Besides the straightforward search for a single solution that you saw in the preceding section, it is also possible to implement a multiphase search in Parallel Solver, where each phase searches differently. To enable you to implement a multiphase search, Parallel Solver offers classes of such multithread objects as mutexes in IloFastMutex, semaphores in IloSemaphore, conditions in IloCondition, and barriers in IloBarrier so that your application can synchronize work more precisely among its workers.

The following example shows you how to use those multithread objects to implement multiphase search in your parallel application.

The complete program follows. You can also view it online in the file YourSolverHome/examples/src/whouse_mt2.cpp.

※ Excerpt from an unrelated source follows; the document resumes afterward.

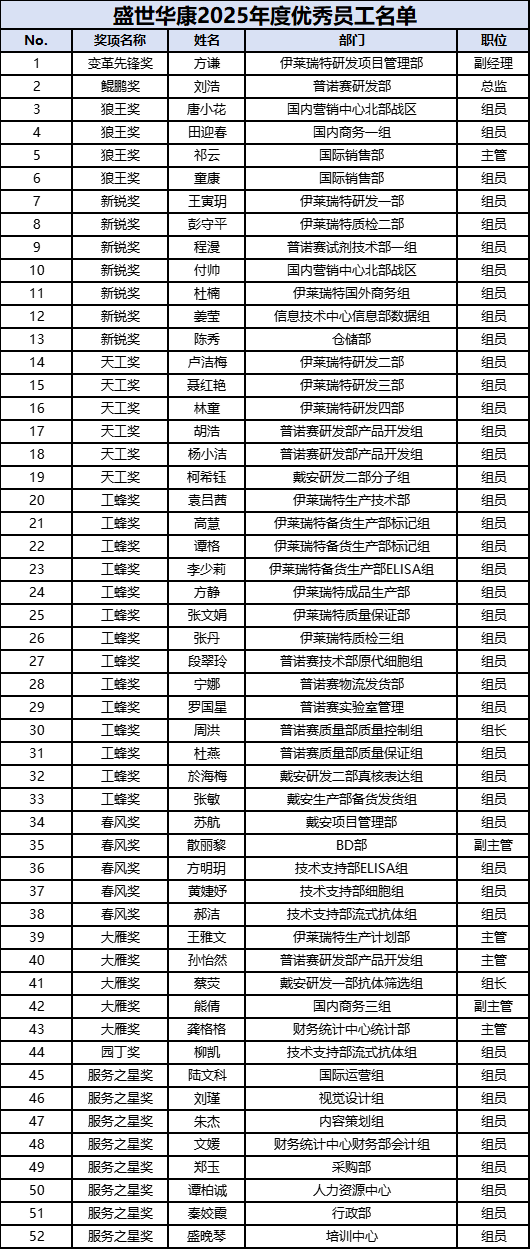 ——盛世华康2025年度优秀员工名单公布

#if defined(ILCUSEMT) || defined(ILOUSEMT)
 
# include <ilsolver/ilopsolver.h>
ILOSTLBEGIN
 
void readCosts(const char*   name,
               IloInt&       buildingCost,
               IloIntArray2& costs,
               IloInt&       nbClients,
               IloInt&       nbWhouses) {
  ifstream in(name);
  in >> buildingCost >> costs;
  nbClients = costs.getSize();
  if ( nbClients ) nbWhouses = costs[0].getSize();
  else             nbWhouses = 0;
}
 
int
main(int argc, char** argv)
{
  IloInitMT();
  IloEnv env;
  try {
    IloInt i;
    IloModel model(env);
 
    IloInt       buildingCost, nbClients, nbWhouses;
    IloIntArray2 costs(env);
    const char* fileName;
    if ( argc < 2 ) {
      env.warning() << "usage: " << argv[0] << " <filename>" << endl;
      env.warning() << "Using default file" << endl;
      fileName = "../../../examples/data/whouse.dat";
    } else fileName = argv[1];
    readCosts(fileName, buildingCost, costs, nbClients, nbWhouses);
 
 
    IloIntVarArray offer(env, nbClients, 0, nbWhouses-1);
    IloIntVarArray transCost(env, nbClients, 0, 10000);
    IloBoolVarArray open(env, nbWhouses);
 
    for (i=0; i < nbClients; i++){
      model.add(transCost[i] == costs[i](offer[i]));
      model.add(open(offer[i]) == 1);
    }
 
    IloIntVar cost(env, 0, 10000, "Cost\t");
    model.add(cost == IloSum(transCost) + IloSum(open)*buildingCost);
 
    IloGoal goal = IloGenerate(env, offer) && IloInstantiate(env, cost);
 
 
    // end of model
 
    // We create the Parallel Solver
 
    IloParallelSolver psolver(model, 3);
 
    // We do a first run to tighten the problem
    psolver.solve(goal);
    IloSolver solver = psolver.getWorker(psolver.getSuccessfulWorkerId());
    IloInt maxCost = (IloInt)solver.getValue(cost);
    solver.out() << "Setting max cost to " << maxCost << endl;
 
    model.add(cost <= maxCost);
 
    // We search for an optimal solution
    model.add(IloMinimize(env, cost));
    psolver.solve(goal);
 
    solver = psolver.getWorker(psolver.getSuccessfulWorkerId());
    solver.out() << endl << "Optimal Solution" << endl;
    solver.out() << "Cost " << solver.getValue(cost) << endl;
    solver.out() << "Offer ";
    for (i=0; i<nbClients; i++)
      solver.out() << solver.getValue(offer[i]) << " ";
    solver.out() << endl;
    solver.out() << "TransCost ";
    for (i=0; i<nbClients; i++)
      solver.out() << solver.getValue(transCost[i]) << " ";
    solver.out() << endl;
    solver.out() << "Open ";
    for (i=0; i<nbWhouses; i++)
      solver.out() << solver.getValue(open[i]) << " ";
    solver.out() << endl;
    psolver.end();
  }
  catch (IloException& ex) {
    cout << "Error: " << ex << endl;
  }
  env.end();
  IloEndMT();
  return 0;
}